Я незапланированный ребенок. Мама родила меня в сорок, папе было уже почти пятьдесят. Все в один голос отговаривали маму, у нее ведь больное сердце, но она поступила по-своему. Друзья советовали родителям назвать меня Юрой, потому что родился в День космонавтики, двенадцатого апреля, через год после полета Гагарина. «Юр-р-ра? — сказал папа, слегка грассируя. — Это тр-р-руднопр-р-роизносимое имя. Пусть будет Миша».
Турецкие же мы с братом потому, что мама объяснила папе: Эпштейны есть, а Турецких не осталось — фамилию надо сохранить. И папа легко с этим согласился. У меня была настоящая еврейская мама. Есть анекдот, точно передающий суть ее характера: «В чем разница между арабским террористом и еврейской мамой? С террористом можно договориться». Мы с братом стали смыслом ее жизни. А папа нашел себе достойное место, живя как бы в своем мире. Он обеспечивал семью, отвечал на наши вопросы, но никогда не грузил и не требовал внимания. Он ни разу не сказал мне, когда я вырос: «А почему ты не пришел? Что не позвонил?» Маме — той всегда чего-то не хватало, несмотря на то, что мы были любящими и заботливыми сыновьями и чуть не каждый день навещали их с отцом. Когда мы прощались и уходили, папа тут же возвращался к своим делам, а она стояла у окна, пока не скроется машина, и я понимал: мы опять ей недодали…

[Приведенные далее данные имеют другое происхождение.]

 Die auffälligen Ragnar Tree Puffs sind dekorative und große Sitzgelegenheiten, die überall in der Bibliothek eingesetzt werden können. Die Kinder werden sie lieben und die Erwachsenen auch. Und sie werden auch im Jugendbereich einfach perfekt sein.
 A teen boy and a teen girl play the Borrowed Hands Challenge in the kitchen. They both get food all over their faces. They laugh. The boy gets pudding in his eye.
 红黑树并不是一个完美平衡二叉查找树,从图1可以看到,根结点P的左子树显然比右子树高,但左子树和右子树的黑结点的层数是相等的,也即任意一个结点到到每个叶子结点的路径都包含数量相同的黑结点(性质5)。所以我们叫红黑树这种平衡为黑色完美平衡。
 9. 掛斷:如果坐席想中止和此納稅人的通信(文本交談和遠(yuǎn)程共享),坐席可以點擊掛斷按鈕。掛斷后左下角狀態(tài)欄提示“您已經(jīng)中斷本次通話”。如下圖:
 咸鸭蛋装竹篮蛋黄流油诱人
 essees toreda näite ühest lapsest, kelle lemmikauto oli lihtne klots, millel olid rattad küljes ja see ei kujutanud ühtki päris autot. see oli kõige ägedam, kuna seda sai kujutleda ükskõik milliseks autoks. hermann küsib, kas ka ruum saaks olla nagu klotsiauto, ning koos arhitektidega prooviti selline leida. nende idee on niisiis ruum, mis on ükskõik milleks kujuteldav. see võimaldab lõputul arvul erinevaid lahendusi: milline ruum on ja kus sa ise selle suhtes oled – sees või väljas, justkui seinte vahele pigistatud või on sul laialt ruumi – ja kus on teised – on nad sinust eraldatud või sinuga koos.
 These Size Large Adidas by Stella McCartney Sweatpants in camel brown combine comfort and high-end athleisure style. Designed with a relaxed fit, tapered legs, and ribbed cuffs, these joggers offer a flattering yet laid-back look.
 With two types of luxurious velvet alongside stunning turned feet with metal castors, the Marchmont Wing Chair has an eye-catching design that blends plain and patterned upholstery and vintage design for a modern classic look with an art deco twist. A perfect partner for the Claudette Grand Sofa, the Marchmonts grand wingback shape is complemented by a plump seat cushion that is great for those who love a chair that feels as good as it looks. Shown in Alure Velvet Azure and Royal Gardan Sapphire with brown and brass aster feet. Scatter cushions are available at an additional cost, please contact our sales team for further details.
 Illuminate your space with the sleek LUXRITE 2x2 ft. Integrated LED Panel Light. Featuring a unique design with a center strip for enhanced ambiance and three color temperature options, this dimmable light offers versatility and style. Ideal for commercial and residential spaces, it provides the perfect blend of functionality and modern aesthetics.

«Еврейский мальчик с темными глазами, а в них такая русская печаль…» — это про меня. В полтора года я уже начал напевать, в три исполнял подряд все песни, которые доносились из телевизора и радиоприемника: «Дан приказ ему на запад, ей — в другую сторону, уходили комсомольцы на гражданскую войну». Я не понимал, о чем это, и вместо «приказ» пел «отказ». Отец по воскресеньям позволял себе подольше поваляться в кровати, я забирался к нему под бочок. Тогда-то и ковалась репертуарная политика будущего «Хора Турецкого». «Пап, давай «Заботу», — говорил я, и мы затягивали: «Забота у нас простая…» или «Твист и чарльстон, вы заполнили шар земной…»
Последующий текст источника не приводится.